Nowadays, however, they are ubiquitous – every car that passes you has its little electric light box suctioned to the windscreen as the driver slavishly follows the yellow line to his or her destination

Consequently, everybody seems to have lost their natural sense of direction. No longer do they check maps and plot routes, gaining an overview of where they are going and how to do so in the time-honoured, manly way. Now we just tap in a postcode and head off, blindly following the idiot box to wherever it wishes to take us. This would be fine if the thing actually knew the way. The problem is that it doesn't.

I now firmly believe that satnavs are an elaborate practical joke inflicted on the population by irate, non-driving nerds. They are incapable of getting you in and out of any city without circumnavigating the place twice. Often they have their own views on where you should be going despite you having input precise directions.

My satnav hates Swindon, for instance. Any time I get near the town, the flat computerised voice tells me to "turn around where possible and drive away ... now". It also seems to dislike country roads, despite repeatedly turning off the option that selects "major roads only". The little bastard constantly tries to point me towards the M4, even if I'm only going from home to Cirencester.

Recently, I've kept him turned off, but he's got wise to that and has seemingly now acquired his own power-up system. I'll be driving along, perfectly happy, listening to Radio 4 when he'll suddenly turn himself on and start telling me to turn left in 100 yards and head for Brighton. I wondered whether it might just be the voice that I chose. Maybe he was a particularly unpleasant individual? I selected another one – a nasal female who took an instant dislike to me and demanded that I drive her to Cheltenham. I turned her off as well and hid the machine in the boot for the rest of the day.

I read the manual and discovered that I could record my own voice on to the machine. This would have been a bit too weird, so I got my kids to record the 50 or so options that the machine needs. About a week later, I had to go to the United States for a road trip and took it with me. I was travelling with a friend who was at first surprised to hear my kids' angelic voices telling me things like "Daddy, in 486 miles ... turn left".

By the time we'd reached Memphis, the novelty had worn off and I could sense that he was having thoughts of infanticide. The satnav must have also sensed his hostility, as it suddenly made us turn off the interstate and drive through an area that looked not unlike downtown Kigali.

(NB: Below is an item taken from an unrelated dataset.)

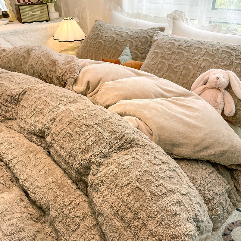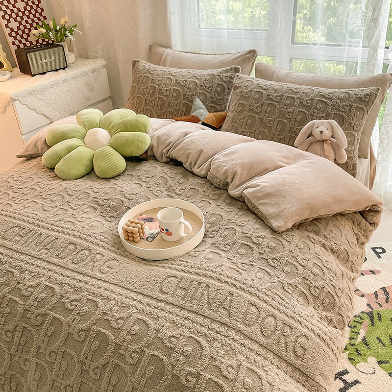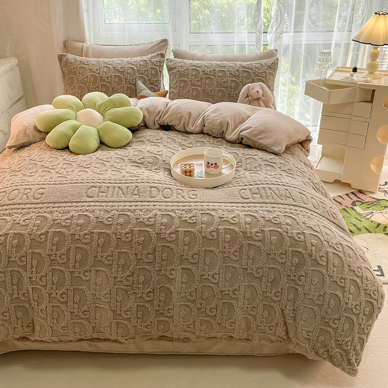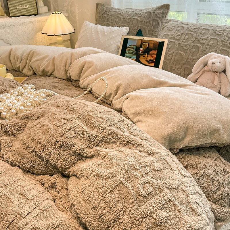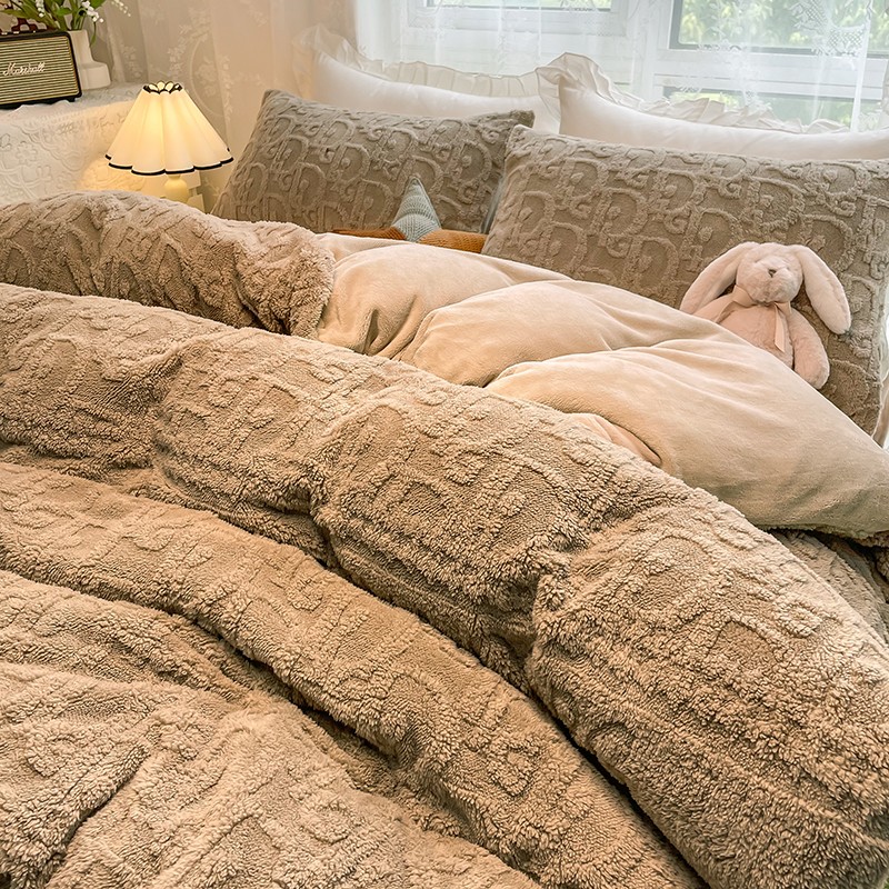 HL原创 2022新款色织提花牛奶绒四件套 提花绒-咖

Gangs of sullen youths stood on little corners of wasteland, waiting for us to stop. I put my foot down and tried to turn the machine off while trying to use some of my lost orienteering skills to get us back to safety.

I've now decided what I want: a stoned Rastafarian voice who doesn't really care where I'm going. Occasionally he'd say things like, "Man ... if you feel like it, maybe consider a turn soon." Or "I'll be perfectly honest wit' you – I'm totally lost man ... but relax ... and whatever you do ... don't go to Swindon."